*** Material shown ***

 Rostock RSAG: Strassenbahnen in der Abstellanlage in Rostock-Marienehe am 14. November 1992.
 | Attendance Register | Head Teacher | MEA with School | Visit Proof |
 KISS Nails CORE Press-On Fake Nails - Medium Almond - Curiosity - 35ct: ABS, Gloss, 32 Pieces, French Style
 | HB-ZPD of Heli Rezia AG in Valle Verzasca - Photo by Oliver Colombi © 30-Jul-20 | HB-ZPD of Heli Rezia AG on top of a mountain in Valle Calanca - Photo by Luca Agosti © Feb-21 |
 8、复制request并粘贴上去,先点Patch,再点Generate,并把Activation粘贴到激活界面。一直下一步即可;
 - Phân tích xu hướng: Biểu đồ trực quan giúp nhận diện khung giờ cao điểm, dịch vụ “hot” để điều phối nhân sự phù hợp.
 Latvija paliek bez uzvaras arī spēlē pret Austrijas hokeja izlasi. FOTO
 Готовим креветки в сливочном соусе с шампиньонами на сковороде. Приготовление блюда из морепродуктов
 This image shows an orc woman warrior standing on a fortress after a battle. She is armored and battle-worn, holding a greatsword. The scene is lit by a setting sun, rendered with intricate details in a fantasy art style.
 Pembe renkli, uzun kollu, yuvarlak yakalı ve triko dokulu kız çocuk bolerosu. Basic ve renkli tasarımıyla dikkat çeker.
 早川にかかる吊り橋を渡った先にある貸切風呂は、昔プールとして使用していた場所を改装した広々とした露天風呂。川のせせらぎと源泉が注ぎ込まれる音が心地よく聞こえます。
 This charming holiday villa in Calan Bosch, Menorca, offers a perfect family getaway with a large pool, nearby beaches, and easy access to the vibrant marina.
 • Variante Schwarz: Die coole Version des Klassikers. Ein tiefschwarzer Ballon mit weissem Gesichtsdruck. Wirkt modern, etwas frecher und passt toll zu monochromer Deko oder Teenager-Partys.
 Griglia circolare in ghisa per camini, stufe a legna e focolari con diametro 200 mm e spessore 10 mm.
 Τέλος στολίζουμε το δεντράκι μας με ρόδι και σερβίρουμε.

***

> Directions: Check each line above for the string "with" and return those that contain it.

> The answer:
 | Attendance Register | Head Teacher | MEA with School | Visit Proof |
 This image shows an orc woman warrior standing on a fortress after a battle. She is armored and battle-worn, holding a greatsword. The scene is lit by a setting sun, rendered with intricate details in a fantasy art style.
 This charming holiday villa in Calan Bosch, Menorca, offers a perfect family getaway with a large pool, nearby beaches, and easy access to the vibrant marina.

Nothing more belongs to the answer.